On this basis, a plurality of conducting wire 11 being obliquely installed is placed in above-mentioned flexible substrates 10.Above-mentioned a plurality of conducting wire 11
It is electrically connected to form from beginning to end for successively as shown in Figure 3, the secondary coil 102 wound along flexible substrates 10.
It should be noted that flexible substrates 10 can have since the flexible substrates 10 have bent characteristic
State just like unfolded state shown in Fig. 2 and bending state.Wherein, as shown in Figure 3 by the end to end progress of flexible substrates 10
When bending, which is bent into the cylindrical body of hollow form, a plurality of conducting wire being obliquely installed in the flexible substrates 10 at this time
11 can successively head and the tail be electrically connected.Specifically, successively head and the tail electrical connection refers to a plurality of conducting wire 11, since above-mentioned a plurality of conducting wire 11 inclines
Tiltedly setting, therefore when flexible substrates 10 are end to end, the end of first conducting wire 11 (by taking sequence from top to bottom as an example) with
The head end of Article 2 conducting wire 11 is in contact next, 11 end of Article 3 conducting wire is in contact with the head end of Article 4 conducting wire 11,
The connection type and so on of remaining conducting wire 11, so that being electrically connected from beginning to end per adjacent two conducting wires 11.In the case,
Above-mentioned a plurality of end to end conducting wire 11 may be constructed the secondary coil wound along the flexible substrates 10 for being bent into cylindrical shape
102。
It based on this, is electrically connected from beginning to end for the ease of every adjacent two conducting wires 11, it is preferred that above-mentioned a plurality of conducting wire 11 is mutually flat
Row setting, and be uniformly distributed in the flexible substrates 10.

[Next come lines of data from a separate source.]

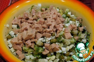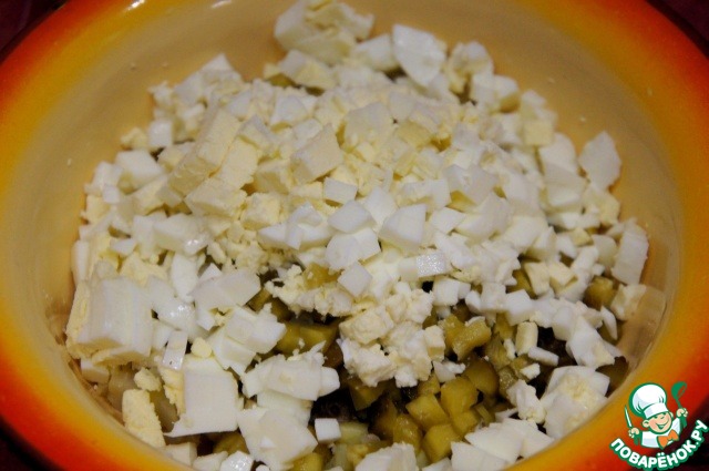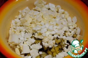 Печень вынуть из банки, несколько красивых кусочков отложить, остальное нарезать небольшими кубиками.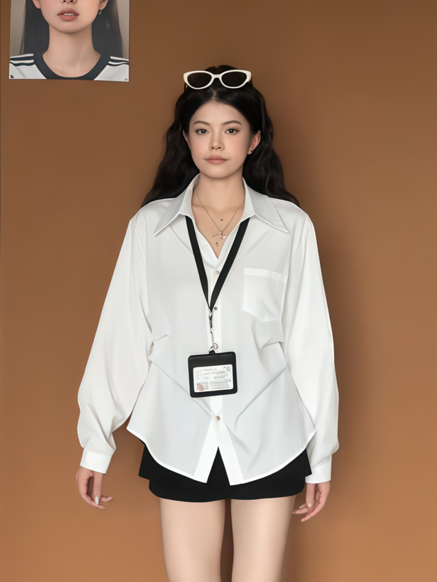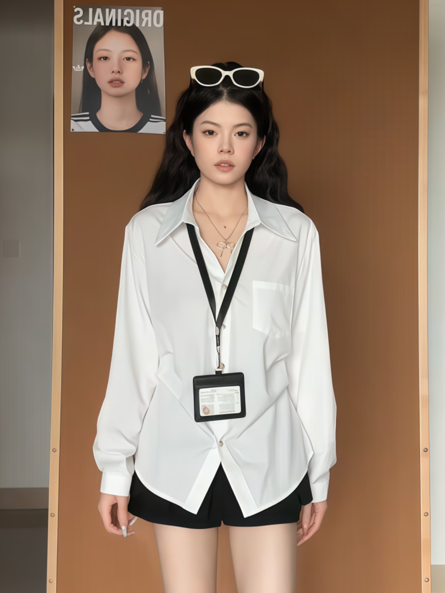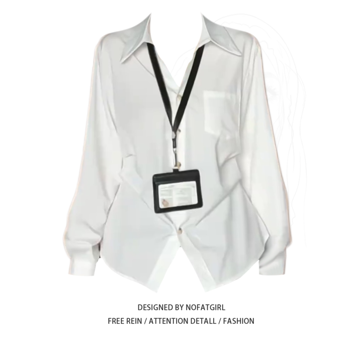 大碼胖MM復古高智風白色長袖繙領襯衫女早秋季百搭收腰設計感上衣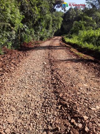 El equipo vial de la Municipalidad de El Soberbio trabaja en la mejora y entoscado de caminos en Picada Lange (Colonia Paraíso.

Herein, the directional terminologies such as "up" and "down" are to illustrate the orientation put to determine relative to the flexible substrates in attached drawing
Justice, it should be understood that, these directional terminologies are opposite concepts, they be used for relative to description and clarification, can be with
The variation in the orientation placed according to flexible substrates and correspondingly change.
Wherein, one end of the secondary coil 102 is the head end of first conducting wire 11, and the other end is the last item conducting wire 11
End;Alternatively, one end of the secondary coil 102 is the end of the last item conducting wire 11, the other end is the head of first conducting wire 11
End.One end of above-mentioned secondary coil 102 is connected with the power supply interface (not shown) in flexible substrates 10, and the other end can be with
It is connected with ground terminal or negative pressure end.The electronic device being connected with the power supply interface can be in the driving of secondary coil 102
Under worked or charged.
In addition, the material for constituting above-mentioned conducting wire 11 can be conductive material, such as transparent conductive material, tin indium oxide
(Indium Tin Oxide, ITO) or indium zinc oxide (Indium Zin Oxide, IZO) etc..Or preferred, Ke Yiwei
Metal material of low-resistivity, such as metallic copper, metallic silver etc..

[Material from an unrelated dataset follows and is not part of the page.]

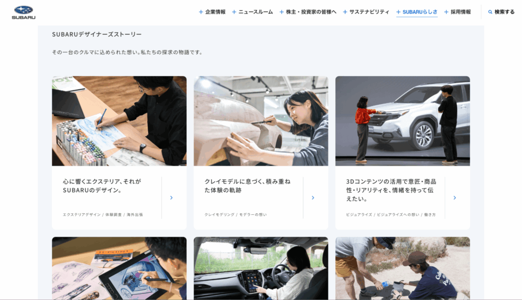 ナビゲーションは、「企業情報」「株主・投資家」「サステナビリティ」「SUBARUらしさ」といった、あらゆる側面からの企業情報を網羅。ユーザーが自身の目的に合わせて迷わず情報にアクセスできるよう、グローバルメニューが緻密に設計されています。

On this basis, above-mentioned conducting wire 11 can be set in the outer surface of flexible substrates 10, or preferred, in order to avoid
Influence of the external environment to 11 electric conductivity of conducting wire, above-mentioned conducting wire 11 can be set inside flexible substrates 10.

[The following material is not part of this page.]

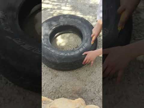 نافورة من اطارات السيارات والحجارة مع إضاءة Making a fountain from a car tire

In conclusion since the flexible substrates 10 in above-mentioned non-contact power receiving system 01 can be bent, it can
Inclination is arranged in being electrically connected from beginning to end in the flexible substrates 10 per adjacent two conducting wires 11, to form winding and the flexibility base
Secondary coil 102 on bottom 10.In the case, when the non-contact electricity being used cooperatively with above-mentioned non-contact power receiving system 01
Power sending device can be by above-mentioned secondary wire when having the primary coil 101 for being wound in a field orientation axis 41 as shown in Figure 6
Circle 102 is inserted on the field orientation axis 41.So, can be wound on field orientation axis 41 by field orientation axis
Primary coil 101 be always positioned in secondary coil 102, so as to improve the contraposition of primary coil 101 Yu secondary coil 102
Precision.During electromagnetic induction, the instantaneous value of available biggish flux cross section product S and biggish induced electromotive force
U, and then the induced current for flowing through secondary coil 102 can be increased, so that the charge efficiency of secondary coil 102 is promoted.In addition, this
Apply for the non-contact power receiving system 01 provided in charging, as long as end to end flexible substrates 10 are inserted in winding by first
On the field orientation axis 41 of grade coil 101, therefore during reducing electromagnetic induction wireless charging, primary coil 101 with
The contraposition difficulty of secondary coil 102.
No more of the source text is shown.